At 36″ x 18″ x 24″, the Repti Zoo Reptile Glass Terrarium is significantly bigger than its predecessors. Leos should pick the horizontal layout since it provides greater room to move about.

It’s a pricey tank that must be assembled from cardboard boxes. There will be some assembly necessary, but it’s simple to accomplish and, since it’s delivered in a flat box, there’s less of a risk that you’ll find shattered panes of glass within.

The terrarium features many apertures and safe vents, as well as an elevated, waterproof foundation. Sealable vents for wires and cables are included, and the top front piece of the tank can be opened and closed for easy cleaning.

Although it’s clear that this tank is more expensive than the first two, it’s worth noting that at 30 gallons, it’s large enough to house a fully grown gecko without being too cramped.

There are some flaws with the tank, such as the doors and the seals for the wire holes not aligning or fitting quite correctly, but it is a fair size, is easy to get into and clean, and the glass is of great quality, so it is worth the price.


  • All-Ages 30-Gallon Tank
  • Geckos that are a leopard’s size
  • Two-leaf door hinge


  • Expensive
  • A few pieces aren’t fitting together


Air Screen Reptile Habitat R-Zilla SRZ100011868


Tanks of around 18″ x 12″ x 20″ are the bare minimum dimensions for a gecko habitat. The manufacturer guarantees that this product, which has an aluminum frame and a black screen mesh, cannot be opened from the outside.

In order to fulfill its purpose of providing residents with access to clean air, it will require careful regulation of temperature and humidity levels (unless you happen to be located in a tropical area).

You can provide your gecko with the right heating and living circumstances by misting it often throughout the day and providing it with various heat lamps to maintain an acceptable air temperature.

The PVC base makes it resistant to moisture but not waterproof. A cable access point lets you plug in accessories without worrying about your reptile escaping. It’s simple to put together, but it’s not the sturdiest terrarium out there, so most gecko owners will have trouble maintaining adequate temperatures and humidity levels.
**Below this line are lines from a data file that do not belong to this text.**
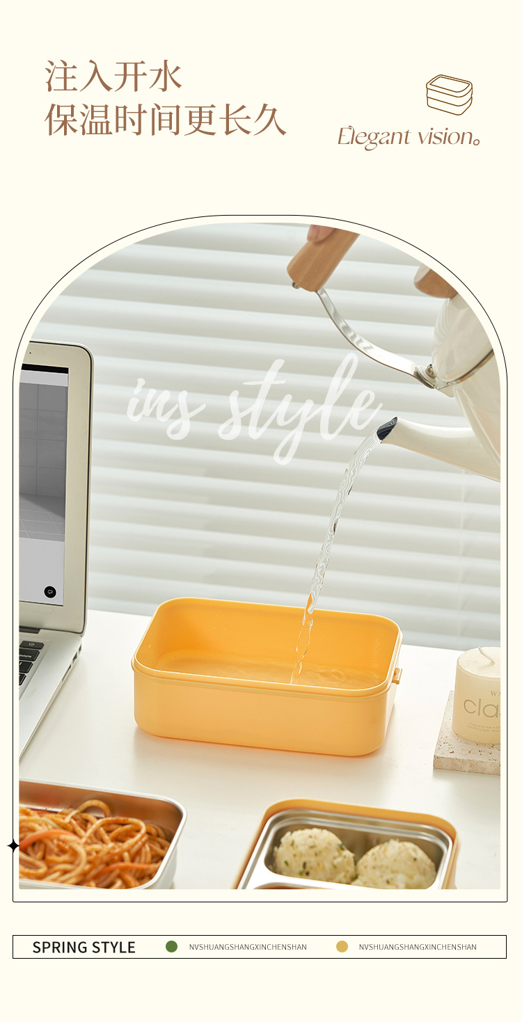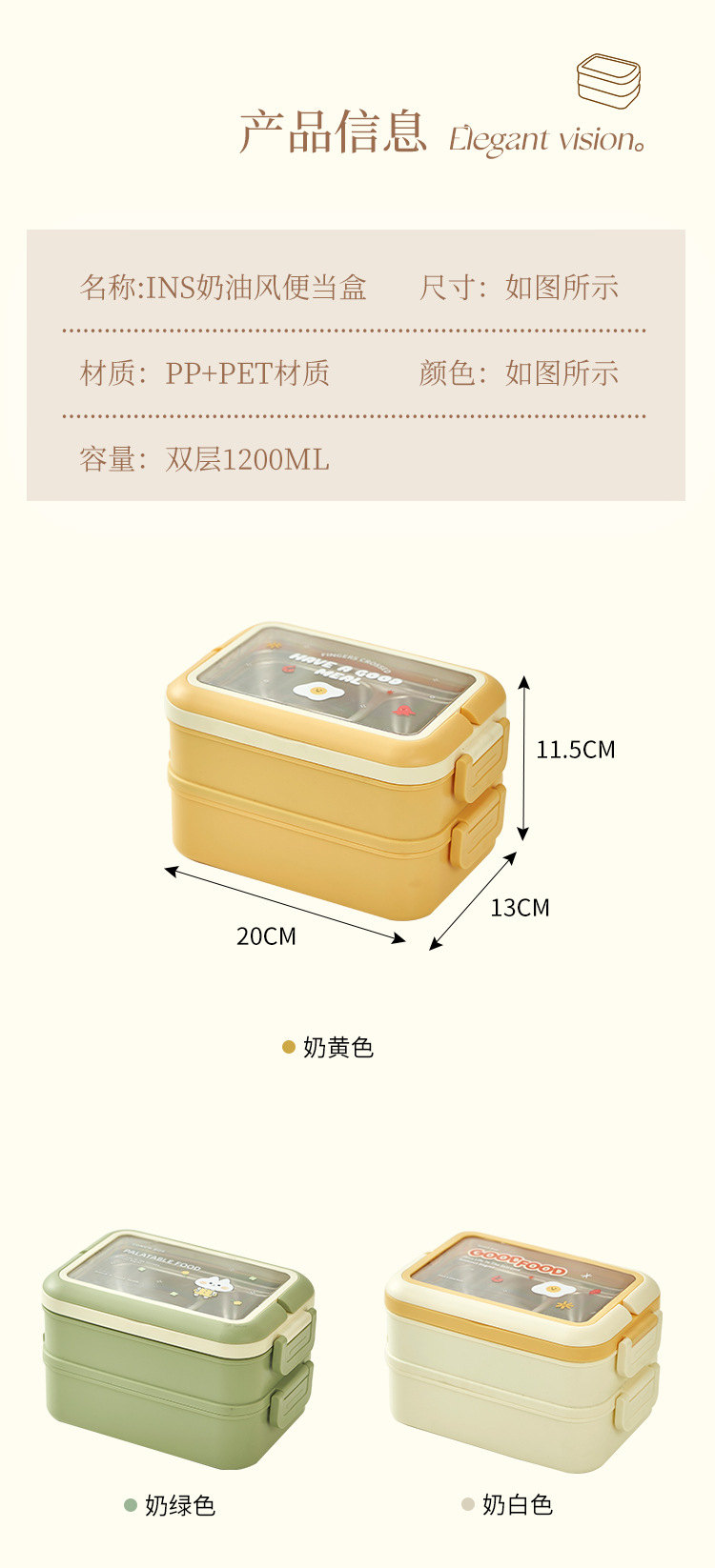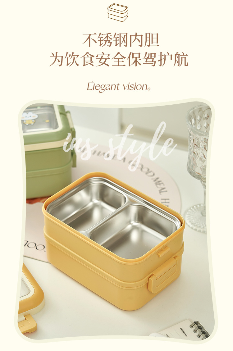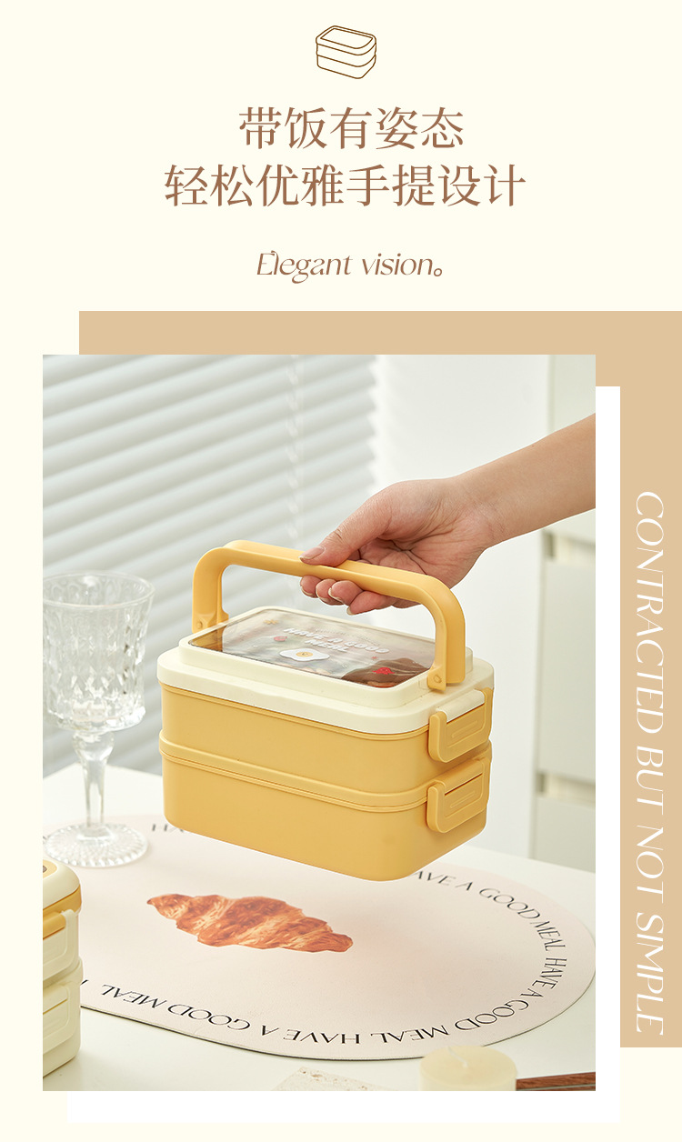 cream yellow double layer lunch box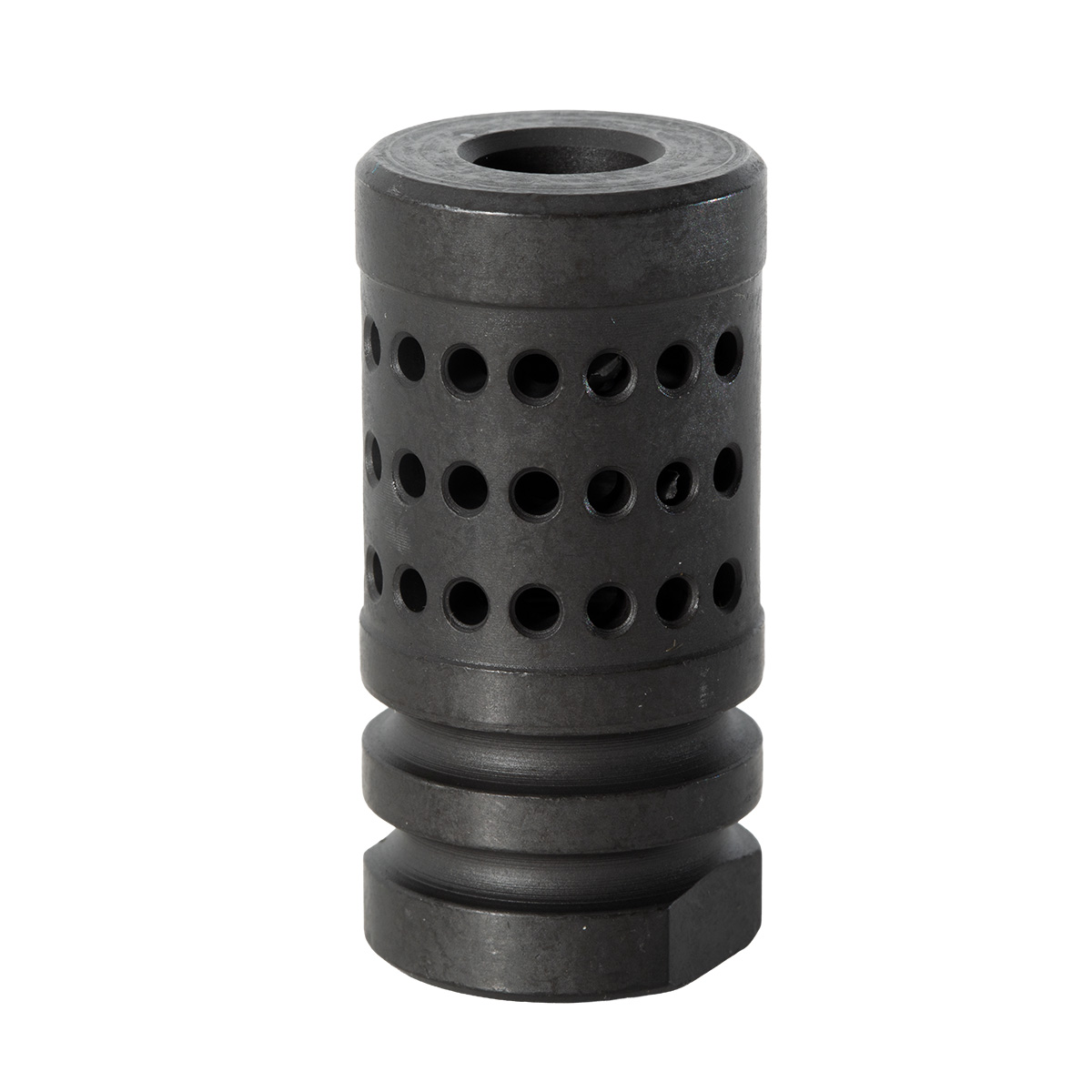 The KAK Industry Compensator features 5/8x24 thread pitch with manganese phosphate finish and strategically positioned ports for recoil reduction and muzzle rise control. This compensator provides compatibility with .308 Win, 7.62 NATO, .300 BLK, 7.62x39, .243 Win, 6.5 Grendel, 6.5 Creedmoor, 6mm ARC, and .350 Legend. Designed for AR-15 platforms with 5/8x24 threaded barrels. Lightweight profile construction. Not pin and weld ready.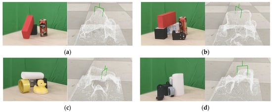 The overall grasping success rate of the algorithm was 81.1%, which was lower than that of the single-object environment. In particular, the grasping success rate was 71.4% in Scene IV. This is due to the mutual occlusion and stacking of multiple objects, which interfered with the planning process of the algorithm. The stacking situation has an influence on the determination of the centroid of the object, as it is difficult to segment the point cloud of each object individually. The position of the centroid of the determined object may appear between the two objects, resulting in a grasping failure. In addition, grasping failures because of the robot’s workspace limitation also occurred.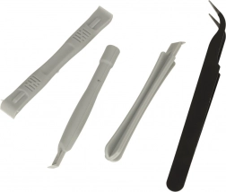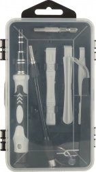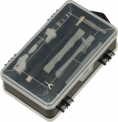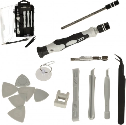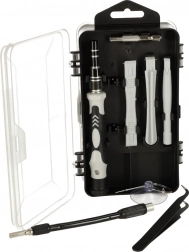 Rękojeść, adaptery, otwieraki, pęseta, przyssawka, kluczyk do SIM oraz magnetyzer/demagnetyzer – wszystko, czego potrzeba do bezpiecznego demontażu i napraw.

The R-Zilla is almost big enough to pass as an adult gecko, but it would be preferable if it were a little bigger.


  • Super simple to set up
  • Lightweight
  • Provides a Home with Fresh Air


  • Flimsy
  • Hard to warm up


To Begin Your Journey With Your New Exo Terra Leopard Gecko, You Need This

Exo Terra’s Leopard Gecko Starter Kit is ideal for new owners of baby leopard geckos. Since it’s just a 10-gallon tank, you’ll have to upgrade to a larger one, preferably a 20-gallon one, after your leo reaches roughly a year of age.

The tank is not adequately heated, despite the kit’s assurances to the contrary. A warming pad is included, however it can only warm the floor where you sleep.

Not only is the bulb an LED, but the two together won’t warm the air enough to maintain your gecko in good condition. The tank is durable and simple to maintain because to the sand substrate mat that lines the whole bottom.

Even though a thermometer is a must-have in any gecko terrarium, the package does not contain a humidity gauge despite including the light and heat pad.

Also, you only get one hide instead of the two that are recommended, so you’ll have to buy another bowl to hold water. Even after spending several times as much on additional items as the cost of the beginning kit, you won’t be fully prepared.


  • Essential tools are included in the starter pack.
  • Includes temperature gauge


  • Not enough of the necessary tools were present.
  • Miniature – the first year’s supply alone

Author Image

Dr. Barry Buttler

Dr. Barry Buttler, DVM, MS, DACVIM, is an experienced veterinarian who specializes in the care of small animals, specifically dogs. Dr. Barry K. Buttler is a member of the American Veterinary Medical Association and holds multiple certifications in small animal emergency medicine and geriatric pet health.